This is indeed what happened. The factory committees were merged with the Bolshevik controlled Trade Union movement. In a decree in March 1918 workers’ control was supposed to return to the conception of monitoring and inspection rather than management, “in nationalised enterprises, worker’s control is exercised by submitting all declarations or decisions of the Factory or shop committee.. to the Economic Administrative Council for approval....Not more than half the members of the administrative council should be workers or employees.” Also in March 1918, Lenin began to campaign in favour of one-man management of industry. In 1919, 10.8% of enterprises were under one-man management, by December 1920, 2,183 out of 2,483 factories were no longer under collective management.
Control of the Economy
So within a few short months of October, the Bolsheviks had taken control of the economy out of the hands of the working class and into the hands of the Bolshevik party. This was before the civil war, at a time when the workers had showen themselves capable of making a revolution but according to the Bolsheviks, incapable of running the economy. The basis of the Bolshevik attack on the factory committees was simple, the Bolsheviks wanted the factories to be owned and managed by the state, whereas the factory committees wanted the factories to be owned and managed by the workers. One Bolshevik described the factory committee’s attitude: “We found a process which recalled the anarchist dreams of autonomous productive communes.”

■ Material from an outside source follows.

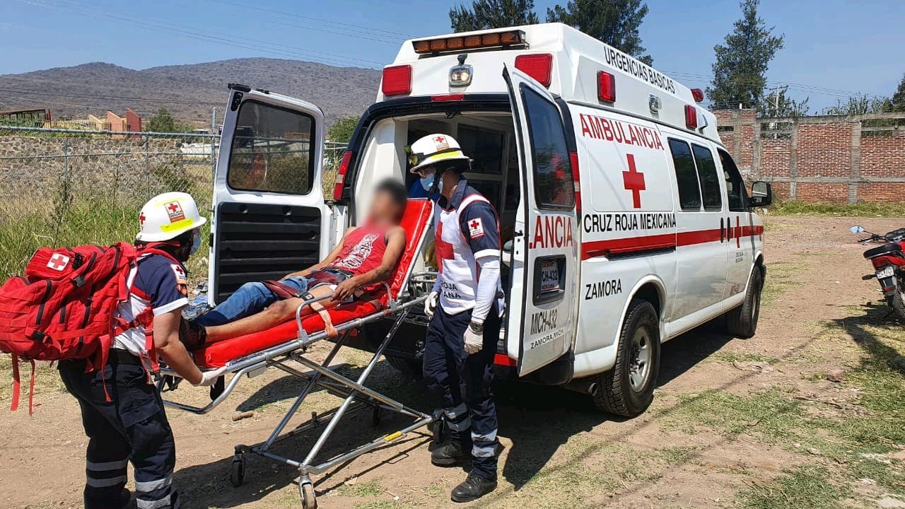 Minutos después arribaron los paramédicos de la Cruz Roja quienes le brindaron las primeras atenciones a Luis Armando L., M., de 16 años de edad, vecino de la colonia Trasierra, el cual fue canalizado a la sala de urgencias de un nosocomio de Zamora.

Partly they did this to remove the threat of any opposition to Bolshevik rule, but partly, these decisions were a result of the Bolshevik political perspective. These policy decisions were not imposed on them by external objective factors such as the civil war. With or without the civil war their strategic decisions would have been the same, because they arise out of the Leninist conception of what socialism is and what workers control means. Their understanding of what socialism means is very different from the anarchist definition. At the root of this difference is the importance given to the relations of production. In other words the importance of the relationship between those who produce the wealth and those who manage its production. In all class societies, the producer is subordinate and separate from those who manage production. The workplace is divided into the boss and the workers. The abolition of the division in society between ‘order-givers’ and ‘order-takers’ is integral to the Anarchist idea of socialism, but is unimportant to the Leninist.
The phrase ‘workers control of the means of production ‘ is often used. Unfortunately it represents different things to different tendencies. To the anarchist it means that workers must have complete control over every aspect of production. There must be workplace democracy. They must have the power to make decisions affecting them and their factory, including hours worked, amount of goods manufactured, who to exchange with. As Maurice Brinton, author of The Bolsheviks and Workers Control explains:
“Workers management of production — implying as it does the total domination of the producer over the productive process — is not for us a marginal matter. It is the core of our politics. It is the only means whereby authoritarian (order-giving, order-taking) relations in production can be transcended, and a free, communist or anarchist, society introduced. We also hold that the means of production may change hands (passing for instance from private hands into those of a bureaucracy, collectively owning them) without this revolutionising the relations of production. Under such circumstances — and whatever the formal status of property — the society is still a class society, for production is still managed by an agency other than the producers themselves” 
In contrast, the Leninist idea of socialism has more to do with the nationalisation of industry or State Capitalism than the creation of a society in which workers have control over their own labour power.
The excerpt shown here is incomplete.